- Conference: Big Ten Conference
- Record: 5–6 (4–4 Big Ten)
- Head coach: Joe Paterno (36th season);
- Offensive coordinator: Fran Ganter (18th season)
- Offensive scheme: Pro-style
- Defensive coordinator: Tom Bradley (2nd season)
- Base defense: 4–3
- Home stadium: Beaver Stadium

= 2001 Penn State Nittany Lions football team =

American college football season

The 2001 Penn State Nittany Lions football team represented the Pennsylvania State University in the 2001 NCAA Division I-A football season. The team's head coach was Joe Paterno. It played its home games at Beaver Stadium in University Park, Pennsylvania.

==Schedule==
Due to the September 11 attacks, the Virginia game was rescheduled from September 13, 2001, to December 1, 2001.

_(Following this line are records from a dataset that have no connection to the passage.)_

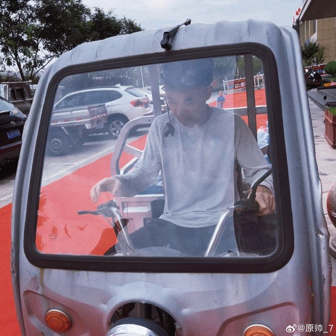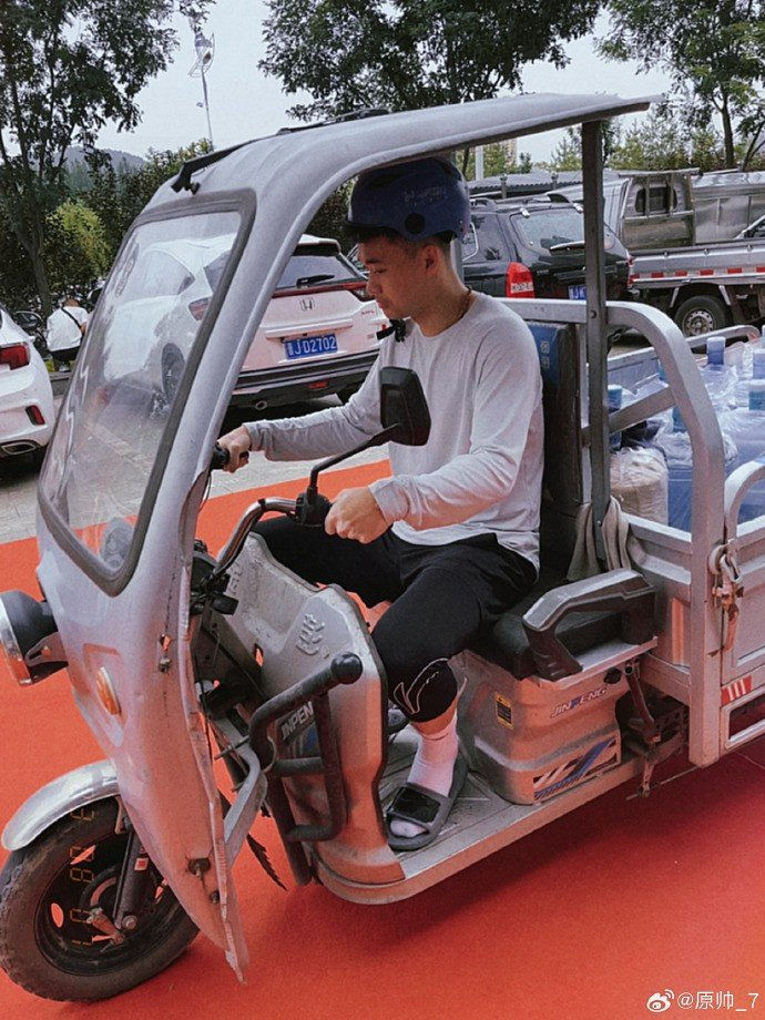 原帅晒出自己骑着三轮车拉水的照片,配文写道:“兼职🛺 ”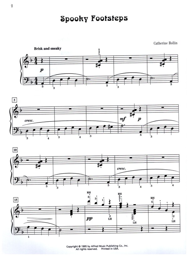 10 original Piano Solos by Alfred and Myklas Composers Late Elementary to Early Intermediate Creepy Footsteps Grumpy Old Witch Halloween Dance Halloween Hoedown Halloween Night It's a Scary Night! Mountain Ghost Town Skeleton Dance! Spooky Footsteps Witches' Brew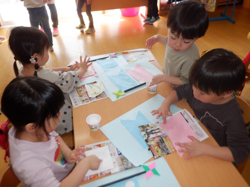 たんぽぽさん、こいのぼり制作の続きをしたよ!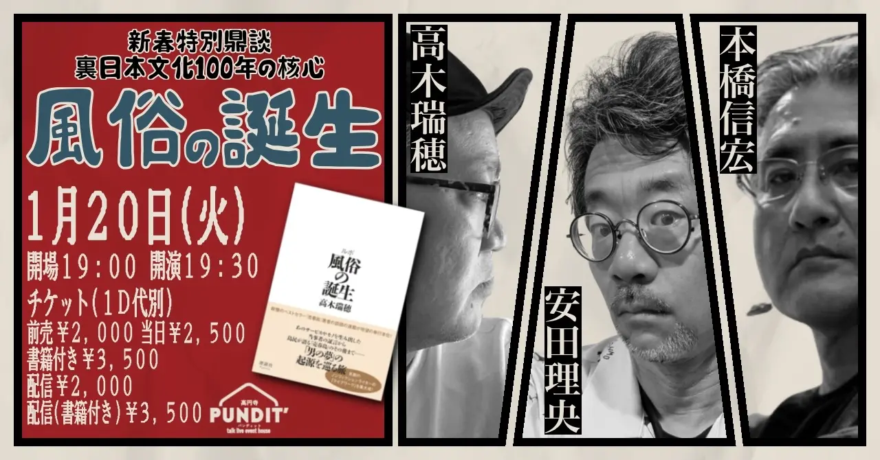 1月20日(火)新春特別鼎談:裏日本文化100年の核心『風俗の誕生』本橋信宏×安田理央×高木瑞穂

| Date | Time | Opponent | Site | TV | Result | Attendance | Source |
| September 1 | 8:00 p.m. | No. 2 Miami (FL)* | Beaver Stadium; University Park, PA; | ABC | L 7–33 | 109,313 |  |
| September 22 | 12:00 p.m. | Wisconsin | Beaver Stadium; University Park, PA; | ABC | L 6–18 | 107,253 |  |
| September 29 | 12:00 p.m. | at Iowa | Kinnick Stadium; Iowa City, IA; | ESPN | L 18–24 | 69,422 |  |
| October 6 | 3:30 p.m. | No. 15 Michigan | Beaver Stadium; University Park, PA (rivalry); | ABC | L 0–20 | 107,879 |  |
| October 20 | 3:30 p.m. | at No. 22 Northwestern | Ryan Field; Evanston, IL; | ABC | W 38–35 | 42,512 |  |
| October 27 | 12:00 p.m. | Ohio State | Beaver Stadium; University Park, PA (rivalry); | ESPN | W 29–27 | 108,327 |  |
| November 3 | 12:00 p.m. | Southern Miss* | Beaver Stadium; University Park, PA; | ESPN2 | W 38–20 | 106,158 |  |
| November 10 | 3:30 p.m. | at No. 15 Illinois | Memorial Stadium; Champaign, IL; | ABC | L 28–33 | 70,904 |  |
| November 17 | 12:00 p.m. | Indiana | Beaver Stadium; University Park, PA; | ESPN Plus | W 28–14 | 106,527 |  |
| November 24 | 3:30 p.m. | at Michigan State | Spartan Stadium; East Lansing, MI (rivalry); | ESPN | W 42–37 | 72,658 |  |
| December 1 | 12:00 p.m. | at Virginia* | Scott Stadium; Charlottesville, VA; | ESPN | L 14–20 | 57,005 |  |
*Non-conference game; Homecoming; Rankings from AP Poll released prior to the game; All times are in Eastern time;

==NFL draft==
Two Nittany Lions were drafted in the 2002 NFL draft.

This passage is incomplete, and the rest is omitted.